====== 6th polymake conference and developer meeting at TU Berlin (St. Nicholas special) ======
=== December 5, 2014 ===
===== polymake conference =====
On Friday there will be two invited talks and several tutorial and helpdesk sessions for polymake users.
The registration fee for the tutorials is 5 Euros.
Participants are encouraged to bring their own laptop and use them in the tutorials, preferably with an installed version of polymake. See the **[[download:perpetualbeta|Perpetual Beta Section]]** for the most recent beta version of polymake or check the **[[download:start|Download Section]]** for the latest release (2.13). If you have any polymake problem you want to get help during the workshop please describe your problem during the sign up process.
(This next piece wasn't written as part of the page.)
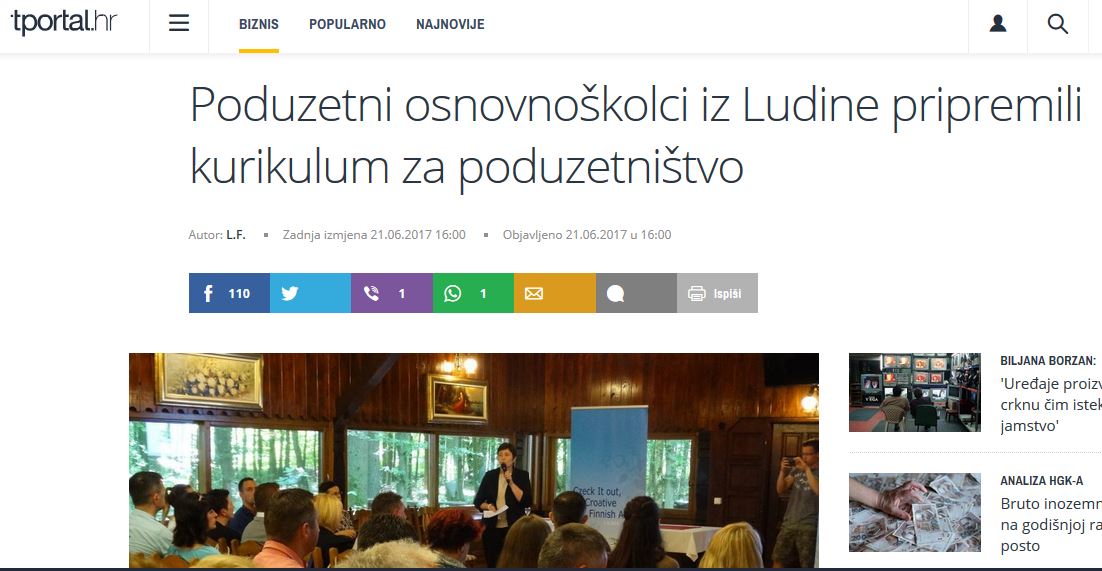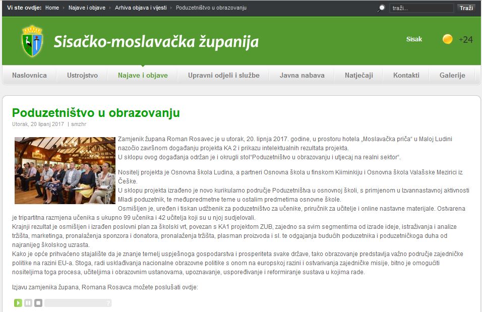 Uspješni primjer OŠ Ludina - vijesti iz županije

The conference takes place in the math building of TU Berlin: \\
**Rooms MA313 and MA315,**\\
Str. des 17. Juni 136,\\
10623 Berlin\\
see also: [[http://www.math.tu-berlin.de/]]
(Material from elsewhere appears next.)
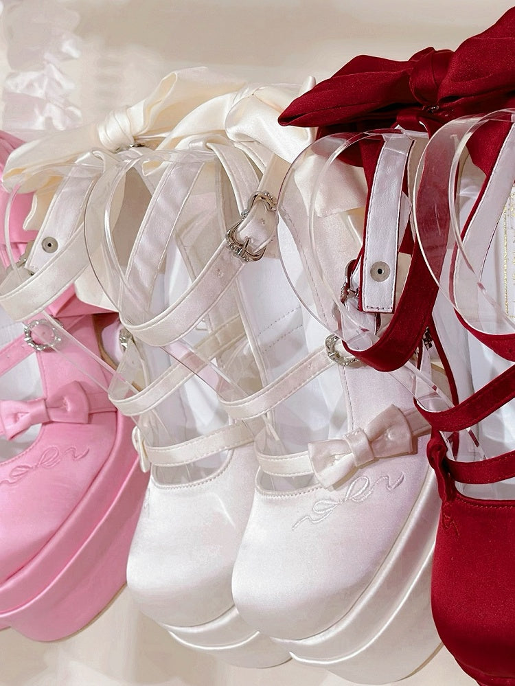 ホワイトの蝶結びエレガントクラシックロリータプラットフォームハイヒールメリージェーン

**Registration** please fill out the registration form: [[https://docs.google.com/forms/d/1v9GNB9jnKiuu0AsnytK54n4tN5tcsvGdRcoTiNIKt_k/viewform|Link]]
^ **Friday** ^ ^^
| 09:00-09:30 | **Registration** ||
| 09:30-10:30 | **Building Algorithmic Polytopes** ||
| ::: | //David Bremner// ||
| ::: | Room: MA313 ||
| 10:30-11:00 | **Coffee and Helpdesk** ||
| ::: | Room: MA315 ||
| 11:00-12:00 | **Tut: basics (perl)** | **Tut: C++ code** |
| ::: | //Assarf/Kastner// | //Lorenz/Müller// |
| ::: | Room: MA313 | Room: MA315 |
| 12:00-14:00 | **Lunch** ||
| 14:00-15:00 | **Very ample and Koszul segmental fibrations** ||
| ::: | //Matthias Beck// ||
| ::: | Room: MA313 ||
| 15:00-15:30 | **Coffee and Helpdesk** ||
| ::: | Room: MA315 ||
| 15:30-16:30 | **Tut: topaz** | **Tut: tropical/atint** |
| ::: | //Michael Joswig// | //Simon Hampe// |
| ::: | Room: MA313 | Room: MA315 |
| 16:30-18:00 | **Helpdesk** ||
| ::: | Rooms: MA313 / MA315 / MA621 / ... ||
| ~19:00 | **Dinner** (self paid) ||
**David Bremner:** Building Algorithmic Polytopes -- [[http://www.cs.unb.ca/~bremner/research/talks/matching-14b.pdf|Slides]]
In this talk I will discuss ongoing work to develop a compiler from a
simple ALGOL-like pseudocode to polynomial sized linear programs.
These LPs can compute the output for any input (of a given size) to
the corresponding algorithm by a trivial encoding of the input into
the objective function. The talk will cover the structure of the
inequalities needed to simulate a simple bit-oriented register machine
supporting arithmetic and arrays, and a limited kind of integrality
guarantee needed to solve these systems as linear, rather than integer
linear programs. I'll also give an overview of the current compiler
implementation, and time permitting a demo.\\
This talk shares some background and motivation with my recent MDS
seminar on "Succinct linear programs for easy problems", but it should
be accessible to people that missed that, and mostly new to people
that saw the previous talk.
**Matthias Beck:** Very ample and Koszul segmental fibrations -- [[http://math.sfsu.edu/beck/papers/veryample.slides.pdf|Slides]]
A lattice polytope P ⊂ **R**n is the convex hull of finitely many
points in **Z**n. There is a natural hierarchy of structural
sophistication for lattice polytopes, with various concepts motivated from
toric geometry and commutative algebra. We will discuss three such concepts in
this hierarchy, occupying a point of origin (normality), the bottom (very
ampleness), and the top spot (Koszul property). More specifically, we explore
a simple construction for lattice polytopes with a twofold aim. On the one
hand, we derive an explicit series of very ample 3-dimensional polytopes with
arbitrarily large deviation from the normality property, measured via the
highest discrepancy degree between the corresponding Hilbert functions and
Hilbert polynomials. On the other hand, we describe a large class of Koszul
polytopes of arbitrary dimensions, containing many smooth polytopes and
extending the previously known class of Nakajima polytopes.\\
This is joint work with Jessica Delgado, Joseph Gubeladze, and Mateusz Michalek.